The fame Barrios acquired throughout Latin-America was not to be repeated in Europe until the 1970s, a generation after his death in 1944. He had visited Belgium, Germany and Spain in 1936, but that was the year in which the Spanish Civil War began: there could not have been a worse time to visit a country normally sympathetic to the guitar. Seeing no career opportunities, and moreover aware of a growing sense of danger, he returned to South America, where his art was so deeply rooted and where he felt at home.
Perhaps no other great guitarist has been so unaware, or if not unaware then at least oblivious, of mainstream developments in music. In his youth Barrios was exposed to music up to and including the Romantics. Beyond that, development in western music was largely harmonic, and he had no need of it. In the traditional music of his native Paraguay and the other countries of South and Latin America, in which there was a strong rhythmic element, he found a vast treasure-house of material. His supreme ability to create captivating guitar music did the rest.
It should also be remembered that the profession of Barrios as a performer meant pleasing an audience, and that meant the maxixe and the milonga, the pericón and the polka, the cueca and the zamba, and other dances and songs from the rich folkloric heritage of South American music. From the beginning his own compositions formed a large part of his performing repertoire, and he found that they charmed and touched his listeners no less than the music he took directly from the tradition. Later, when his knowledge of European music became wider, he expanded his programmes still further, adding not only original pieces by Sor, Tárrega, Malats, Turina, Coste and Giuliani, but also arrangements from the music of Bach, Mozart, Schumann, Schubert, Donizetti, Mendelssohn, Verdi and others.
There was a time when Barrios advertised himself as 'The Paganini of the guitar from the jungles of Paraguay '. During this period he added the Guaraní name Mangoré to his own, and took to playing the first half of each concert wearing Indian head-dress; in the second half he would wear European-style evening dress. According to one acquaintance, by 1936 there was no sign of the Guaraní head-dress, nor of the name Mangoré.

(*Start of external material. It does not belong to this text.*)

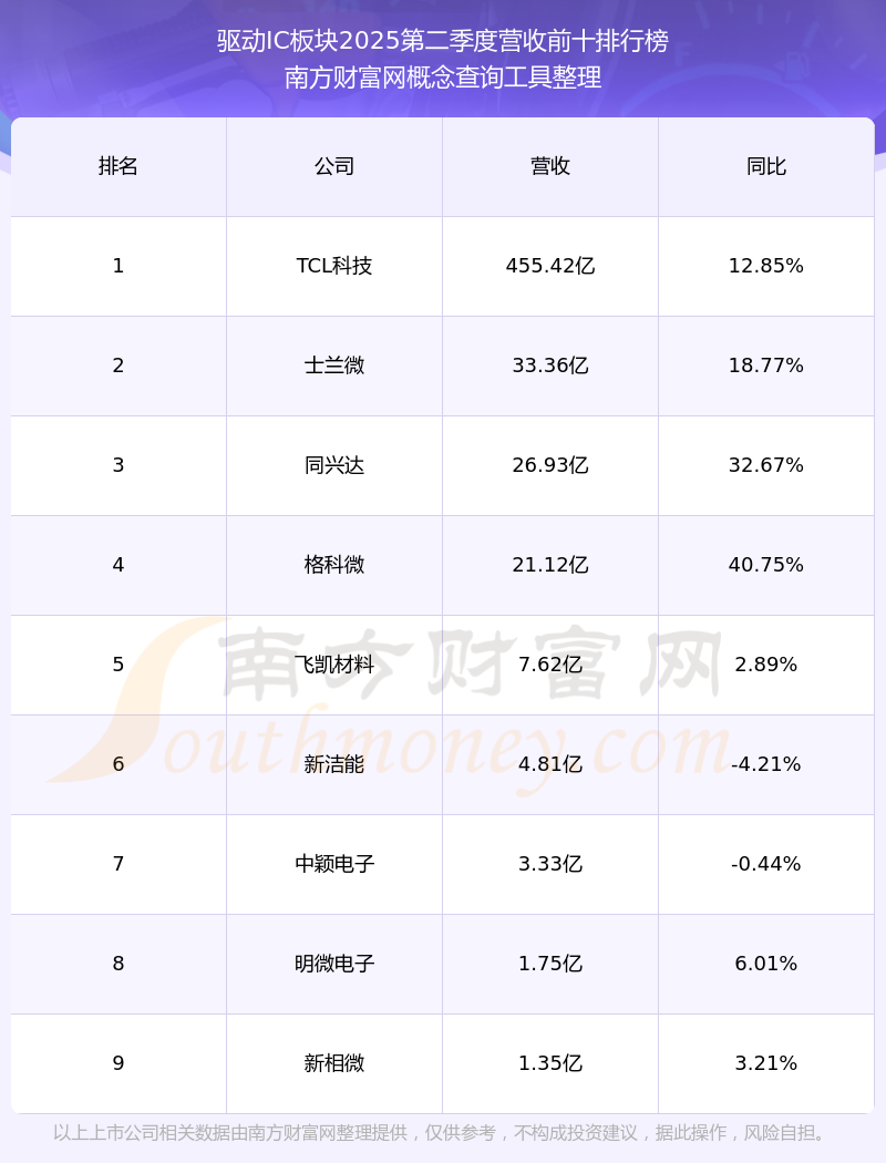按照南方財富網概念查詢工具統(tǒng)計,該股所屬板塊為驅動IC板塊,該板塊共有9只股票,必易微2025第二季度營收在該板塊中排名為第9名,該板塊2025第二季度營收排名前十的股票如下表:

Barrios's enthusiasm for recording ensured that his skill and artistry were preserved from early in his career. He was among the first classical guitarists to take advantage of rapidly improving recording techniques, issuing records on the Artigas and Atlanta labels as early as 1913. These were acoustic recordings, an early system that could be surprisingly kind to the human voice but could not record the guitar with much fidelity. The many later recordings for Odeon are electrical and are much better. All these recordings are of immense value, not only because of the insights they give into the playing of Barrios but also because not every piece was published in a playable form. One problem is that Barrios is reputed never to have played anything the same way twice, making the word 'definitive' even more inaccurate than usual. What we have, though, is more than enough to enable us to recognise Agustín Barrios for what he was: a unique and brilliant guitarist with a strong creative drive whose great fertility left a legacy of music rich in charm and poetry. The range and subtlety of modern recording techniques have underlined those qualities, and the reputation of Agustin Barrios Mangoré has never been higher.

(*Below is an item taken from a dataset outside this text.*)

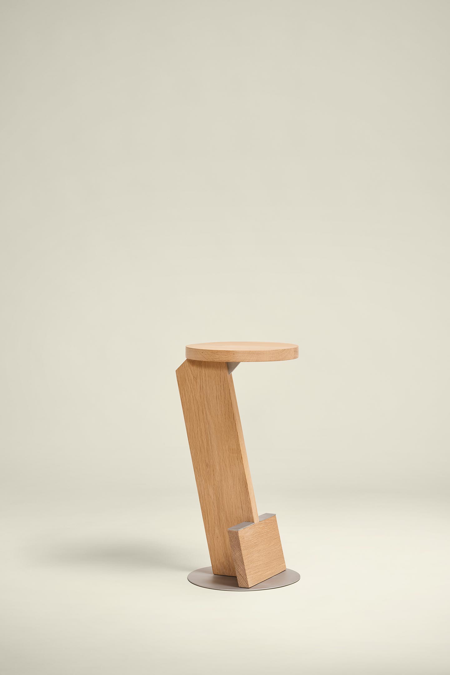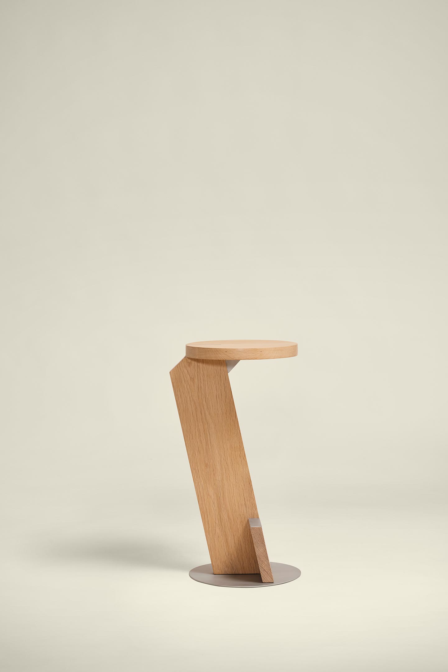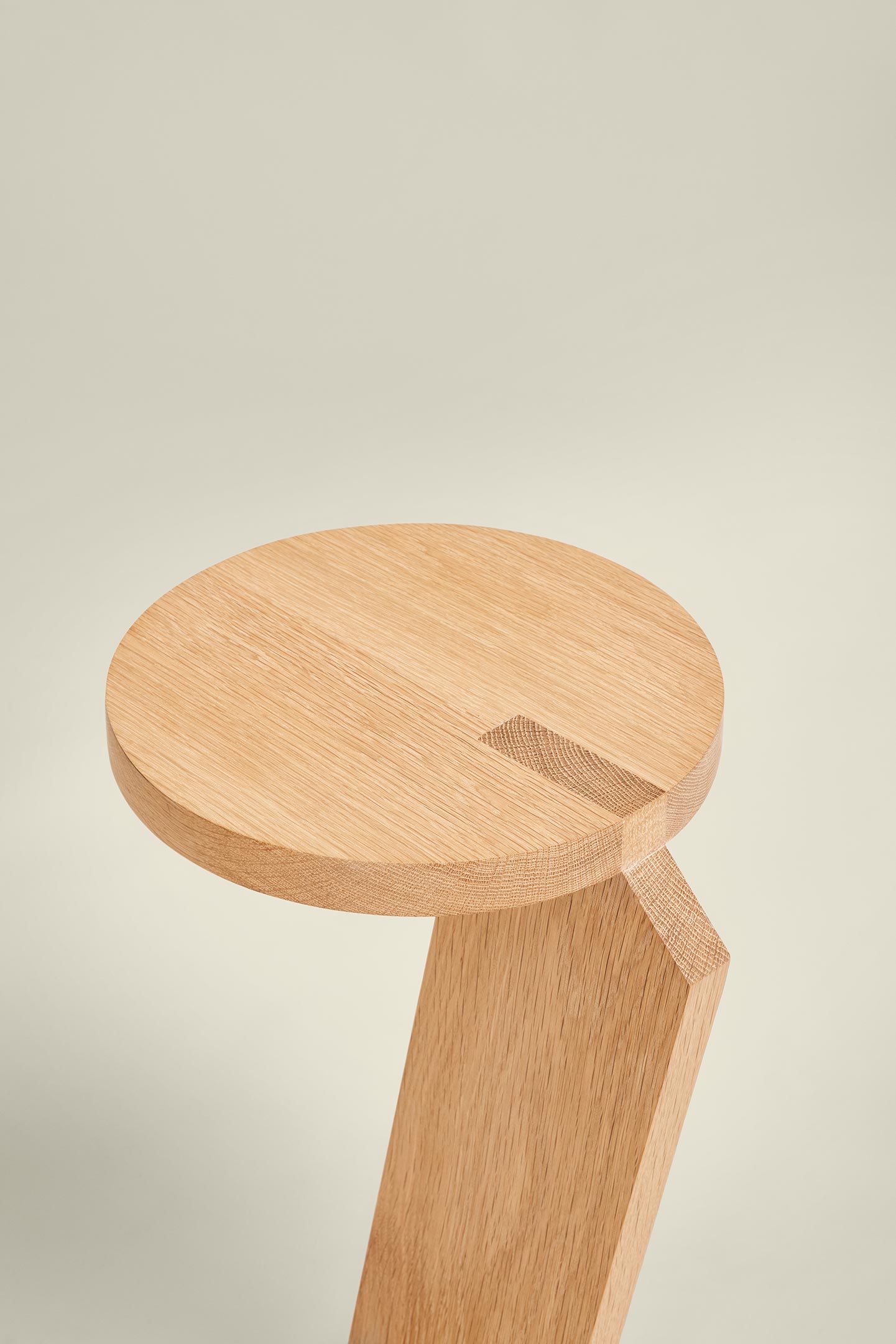 The MŪ262 stool is crafted from solid oak components. Each element is machine-cut for precision and then hand-assembled, with particular care given to the junction between the seat and the angled base.

Compositionally, Barrios covered a very wide range. His sense of wonderment at what the guitar was capable of never left him, though naive early experiments (including an imitation of the cello) were soon abandoned in favour of more considered works in which national styles (Spanish, Uruguayan, etc.) were incorporated. A considerable number of studies were written, with a technical purpose in mind but often containing some phrase or passage of imagination that lifts the piece out of the ordinary. Many pieces were written as a tribute to friends and colleagues - Fabiniana, for example, which is described as 'an improvisation remembering Eduardo Fabini'. Fabini was a celebrated Uruguayan violinist and composer known to have shared a concert platform with Barrios. The Medallon Antiguo (Old Medallion) was a piece of jewellery worn by a Buenos Aires opera singer with whom Barrios fell in love. Its first three notes are said to come from a Pergolesi song that she sang. País de Abanico could mean the country of the fan, but the word país is also given to the fabric of a fan. The tango Don Pérez Freire was named after Osmán Pérez Freire, a Chilean composer of popular music.

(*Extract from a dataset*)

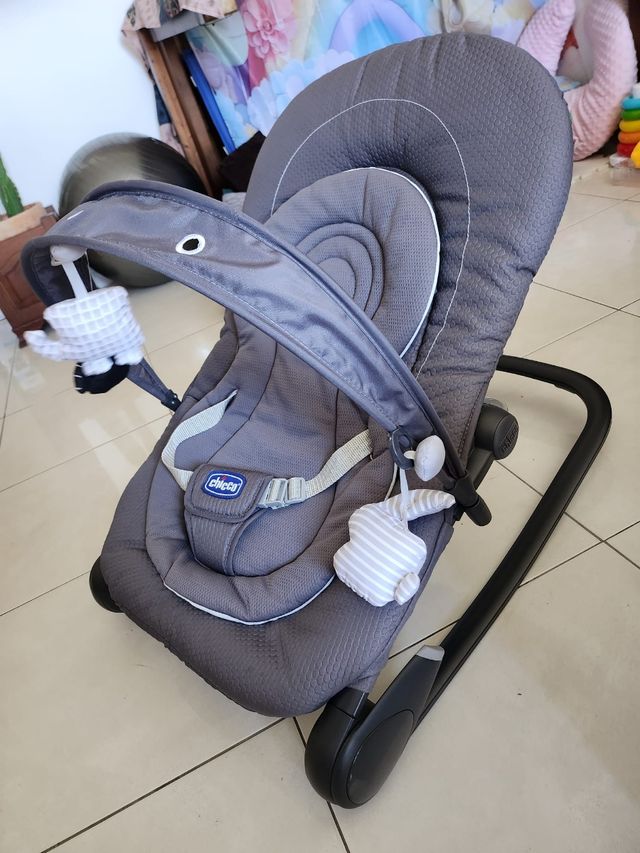 Detalles del productoPreciosa mecedora para bebé de la marca Chicco, en perfecto estado. Es de color gris y tiene un diseño moderno y elegante.

Folklore, such as the hauntingly beautiful Caazapá, forms a large and important part of the Barrios repertoire; even when the basis of a piece is a traditional melody, the poetry and the emotion he packs into a few short lines explains why his music is admired so much by listeners who have tuned into the guitar's expressive capabilities. The music of Agustín Barrios does not translate to other instruments, and so long as there are talented guitarists around to play it there seems no reason why the attempt should be made.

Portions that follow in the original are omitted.